## ACTION ITEM
After locating the line that holds "Langärmeliges Kleid mit", copy that line and all that follow it word for word through the end of the data, with no pictures.

## DATA EXCERPT

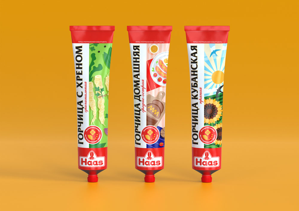 Торговая компания ООО «Пец-Хаас», представляющая ассортимент европейских брендов в России, вывела на рынок горчицу австрийского производителя Haas. Единственной горчице в среднеценовом сегменте, упакованной в алюминиевый тюбик, требуется не менее уникальный и привлекательный визуал, чтобы потребители оценили продукт по достоинству.
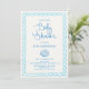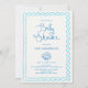 Celebra el estilo con nuestra fantástica invitación a la ducha de bebé con temática playera. Esta invitación presenta un hermoso caparazón dibujado a mano en un estilo divertido y lúdico con un marco azul celeste que lo rodea, acompañado por un original tipo de letra estrafalaria que capta perfectamente la emoción y la alegría de la ocasión.
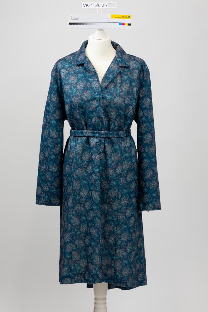 Langärmeliges Kleid mit Kragen, Gürtel und Knopfleiste im Brustbereich. Der Stoff ist in blauen und rotbraunen Farbtönen ornamental gemustert; Größe 50.
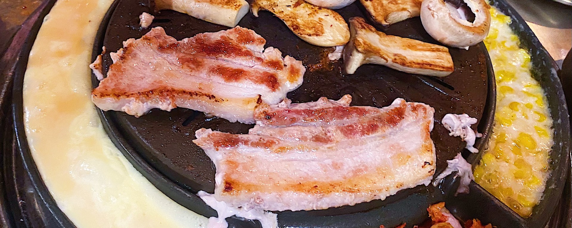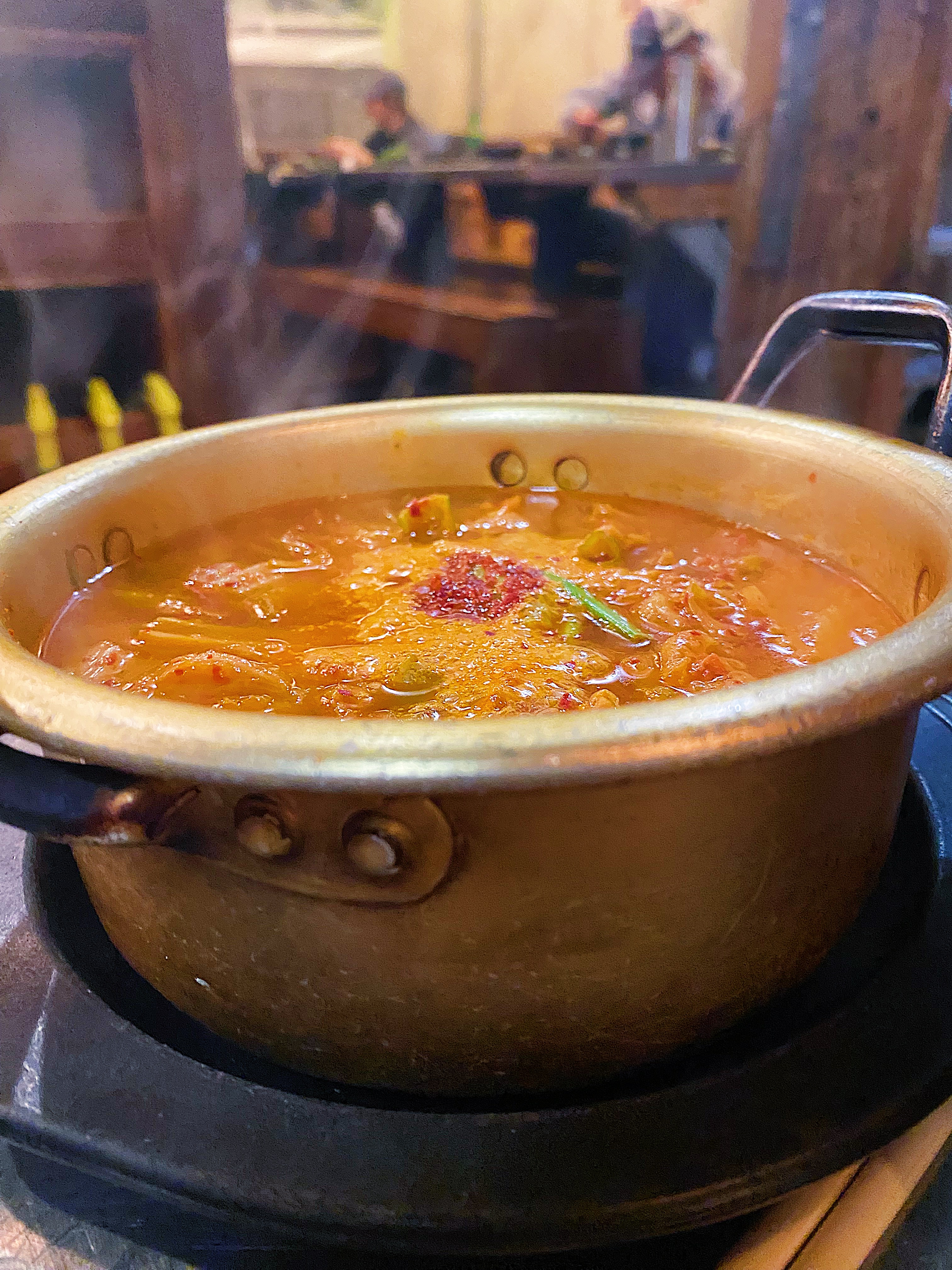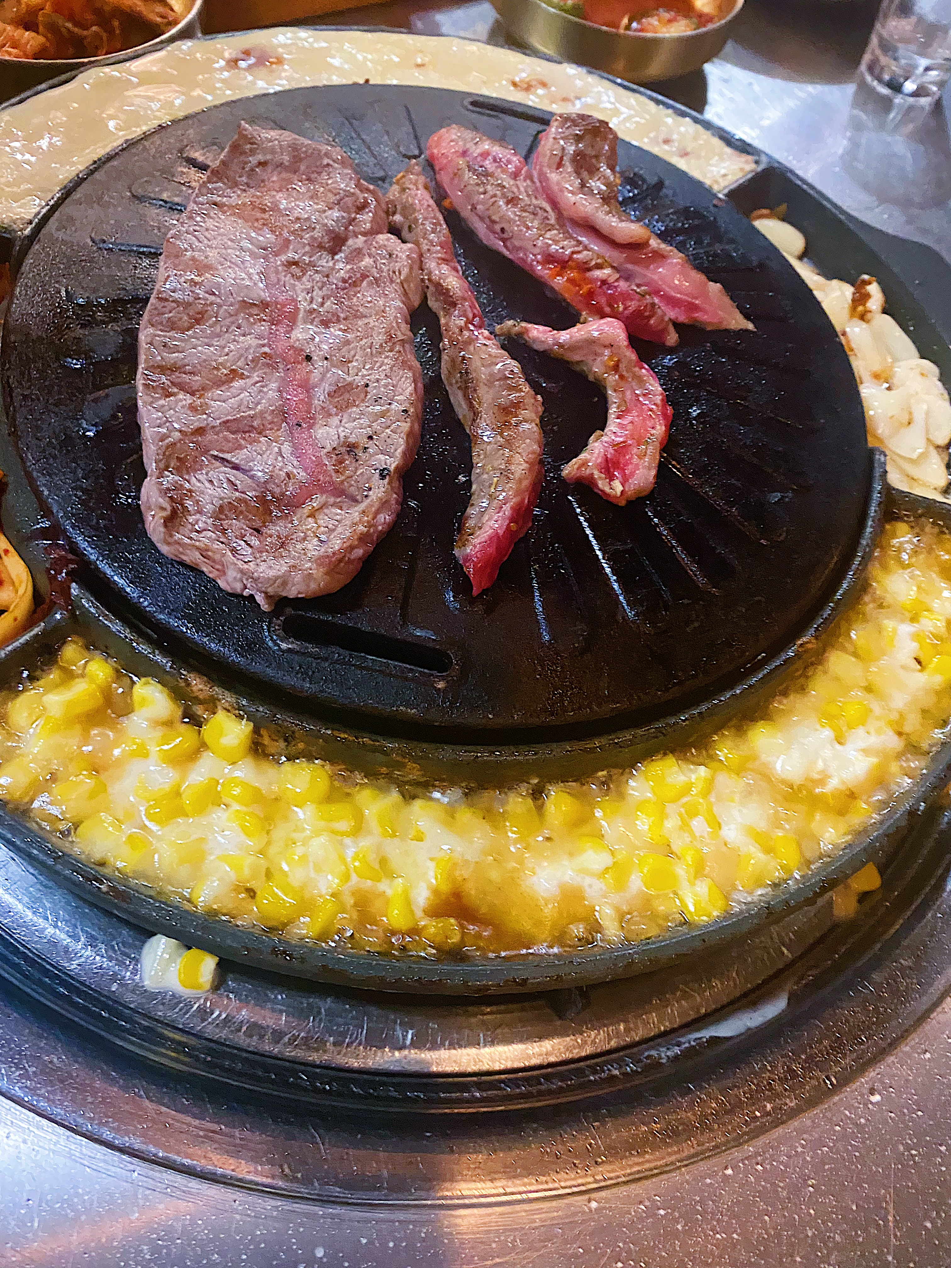 All the tables are equipped with a small burner in the middle for grilling raw meats and vegetables, and as it heats up, the raw egg, garlic, kimchi, and corn cheese are cooked alongside it to snack on throughout the meal.

## RESULT
 Langärmeliges Kleid mit Kragen, Gürtel und Knopfleiste im Brustbereich. Der Stoff ist in blauen und rotbraunen Farbtönen ornamental gemustert; Größe 50.
 All the tables are equipped with a small burner in the middle for grilling raw meats and vegetables, and as it heats up, the raw egg, garlic, kimchi, and corn cheese are cooked alongside it to snack on throughout the meal.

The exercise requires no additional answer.